Die „Seidenstraßen”-Initiative dient China nicht zuletzt dazu, seinen Vorsprung gegenüber dem geopolitischen Konkurrenten Indien auszubauen, dessen Aufstieg zu hemmen und seinen eigenen Einfluss in der Region bis zum Indischen Ozean zu zementieren: „Das Seidenstraßenprojekt (…) macht (Indien) nicht nur wegen Pakistan zu schaffen. Sie fühlen sich regelrecht umzingelt. Seit Langem beunruhigt sie Chinas ‚Perlenkette‘ von Stützpunkten entlang der wichtigsten Seewege, vor allem in der Nähe der beiden Flaschenhälse, der Straße von Malakka und der Straße von Hormus. So haben die Chinesen in Myanmars Kyaukpyus und Bangladeschs Chittagong Tiefseehäfen gebaut, die sich militärisch nutzen ließen. Sie haben sich in Sri Lanka eingenistet, wo sie einen Großflughafen und den militärfähigen Hafen Hambantota im Süden der Insel in den Dschungel setzten. Ferner haben sie im westpakistanischen Gwadar einen Tiefseehafen erbaut, dessen Kontrolle sie sich für 40 Jahre sicherten. ‚Der Drache hat den Indischen Ozean erreicht‘, schrieb schockiert die India Times, als chinesische U-Boote 2014 zum ersten Mal in Sri Lanka andockten.”26 Indien reagiert darauf bislang mit einer Annäherung an die USA und einer Verstärkung der militärischen Zusammenarbeit mit Australien, Japan sowie Chinas südlichem Nachbarn Vietnam. 

Auch die Versuche des westlichen Imperialismus, einen Regimewechsel in Myanmar, das traditionell mit China verbunden ist, herbeizuführen – erst durch das Pushen der Friedensnobelpreisträgerin Aung San Suu Kyi und dann, als das nicht die gewünschten Ergebnisse brachte, durch das Anheizen des ethnischen Konflikts der muslimischen Rohingya mit der Zentralregierung – sind in diesem geopolitischen Zusammenhang als Teil einer Eindämmung der chinesischen Expansion zu verstehen.

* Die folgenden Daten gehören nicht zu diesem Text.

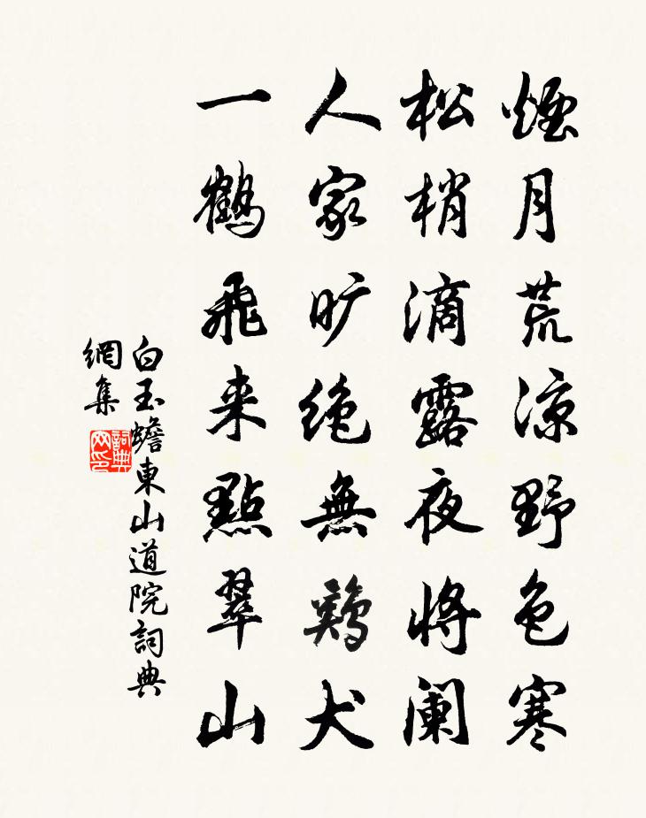 詩詞名句歷史字典書法欣賞書法字典國語詞典說文解字康熙字典古漢語字典標 題 作 者 詩 句 東山道院作者:白玉蟾 朝代:宋代東山道院原文煙月荒涼野色寒,松梢滴露夜將闌。人家曠絕無雞犬,一鶴飛來點翠山。詩詞問答問:東山道院的作者是誰?答:白玉蟾問:東山道院寫於哪個朝代?答:宋代問:東山道院是什麼體裁?答:七絕白玉蟾東山道院書法欣賞東山道院書法作品詩詞推薦贈京尹八首袁燮〔宋代〕儒學當年究指歸,服勞王事不言疲。遙知今日張京尹,不瑕閨房畫婦眉。好事近(十二之九)陸游〔宋代〕小倦帶餘酲,淡淡數欞斜日。驅退睡魔十萬,有雙龍蒼璧。少年莫笑老人衰,風味似平昔。扶杖凍雲深處,探溪梅送柴仲山歸里潘璵〔宋代〕長台在何處,俄聽話歸期。雪霽千山月,梅開一路詩。京塵隨地盡,春色到家知。欲把西湖酒,重來是幾時。梅花二首潘璵〔宋代〕雪中獨愛此花開,莫笑花飛委綠苔。骨里有香吹不散,明年依舊領春回。清泉亨老寄鼓枕二首劉子翬〔宋代〕蘧蘧一覺直千金,雅贈徒知感激深。莫道林間高臥穩,憂時亦有枕戈心。送王梅州二首劉克莊〔宋代〕禍始自三槍,菑猶被一方。帝將安渤海,君肯薄淮陽。老手何憂斬,新眉尚費妝。漢庭褒郡最,蚤晚入為郎。鵲橋仙姬翼〔元代〕依山隱霧。臨池影舞。卻被文皮自誤。豫章楠梓有何辜,受斤斧、傷殘無數。惺惺不悟。還同暮故。身後虛名何處水調歌頭趙雍〔元代〕春色去何急,春去尚微寒。滿地落花芳草,漸覺綠陰圓。馬足車塵情味,暑往寒來歲月,擾擾十餘年。贏得朱顏老次韻蔡君謨侍郎寒食西湖張先〔宋代〕飛飛畫楫繞花洲,霽雨浮花出岸流。誰廣金明為水戰,自來銀漢有霓舟。行從使節春憂盛,住買吳山老未由。人遲舟過青半,望橫山塔二首楊萬里〔宋代〕孤塔分明是故人,一回一見一情親。朝來走上山頭望,報導蘭溪酒恰新。次韻朱秀才二首陳造〔宋代〕蕭齋愁興倩誰寬,寵鶴昂霄顧羽翰。自昔詩深知武諤,肯辭雨濕過蘇端。心期落落空軒豁,世事悠悠拙控摶。正枕判府曹宣徽生日朱長文〔唐代〕盛世高門福兩全,星辰粹氣萃為賢。釣璜韜略傳三葉,齋鉞風棱積十年。陰德在人宜壽考,清才脫俗恐神仙。寒儒如夢令(飲婦人酒)史浩〔宋代〕摘索衣裳宮樣。生得臉兒福相。容止忒精神,一似觀音形像。歸向。歸向。見者擎拳合掌。題包虎張榘〔宋代〕正眎眈眈怒作威,西風搖毒上牙須。山翁祗作丹青看,馮婦從教自下車。送龐佑甫五首韓元吉〔宋代〕濯濯機中絲,粲粲綿繡段。自非同心人,千金孰肯換。一字至九字詩聯句嚴維〔唐代〕 東,西, 搗衣詩呈水雲王清惠〔宋代〕妾命薄如葉,流離萬里行。燕塵燕塞外,愁坐聽衣聲。讀素問十六首方回〔宋代〕三品別貴賤,四制寄奇偶。主病則用之,上藥或弗取。得士寒畯可,量才世胄否。豕苓雞壅言,吾亦聞莊叟。過漢州留房公湖一日戲和少陵韻二首李壁〔宋代〕西湖天下勝,賢相古來稀。汛掃邀明月,徜徉逗落暉。蒲深鸂鶒響,林靜鷓鴣飛。腳力應難遍,雕欄幸可依。東林寺張至龍〔宋代〕滿院香風乍熟楂,猴孫抱子坐枯槎。頭陀不慣迎賓客,自折芙蓉供釋迦。名句推薦擊楫中流,曾記淚沾裳李好古《江城子·平沙淺草接天長》 前年伐月支,城上沒全師。張籍《沒蕃故人》 八年十二月,五日雪紛紛。白居易《村居苦寒》 淮南皓月冷千山,冥冥歸去無人管。姜夔《踏莎行·自沔東來》 用功於內者,必於外無所求王永彬《圍爐夜話·第一八八則》 兒童見說深驚訝,卻問何方是故鄉。殷堯藩《同州端午》 生則盡力,死則死耳!張廷玉《明史·列傳·卷二十》 天涯也有江南信。梅破知春近。黃庭堅《虞美人·宜州見梅作》 粉墮百花洲,香殘燕子樓。曹雪芹《唐多令·柳絮》 兩刃相割,利鈍乃知;二論相訂,是非乃見。王充《論衡·卷二十九·案書篇》

Meeresgebiete rund um China

China besitzt eine 9000 Kilometer lange Küstenlinie, die an das Gelbe Meer, das Ostchinesische und das Südchinesische Meer grenzt. Erhob das Land historisch lediglich Anspruch auf die küstennahen Gewässer in diesen Regionen, ist die Kontrolle über größere Meeresgebiete heute allein schon wegen seiner Exportabhängigkeit dringend notwendig für China27. Durch das Südchinesische Meer, das zwischen China, Vietnam, Malaysia und den Philippinen liegt, verläuft die wichtigste Seehandelsroute der Welt. 30 Prozent des Welthandelsvolumens von ca. 19 Billionen Dollar werden durch dieses Gebiet transportiert28. Der Konflikt zwischen den Anrainerstaaten konzentriert sich auf die Spratly- und Paracel-Inseln sowie das Scarborough-Riff. Bereits 2012 wäre es beinahe zum Krieg zwischen China und Vietnam gekommen, nachdem sich Kriegsschiffe beider Seiten ein kurzes Gefecht nahe dem Scarborough-Riff geliefert hatten. Im Jahr 2015 legte China künstliche Inseln in der Nähe der Spratly-Inseln an und errichtete dort militärische Außenposten mit Hafenanlagen und Landebahnen. Die USA reagierten mit der demonstrativen Entsendung eines Zerstörers in die Gegend. 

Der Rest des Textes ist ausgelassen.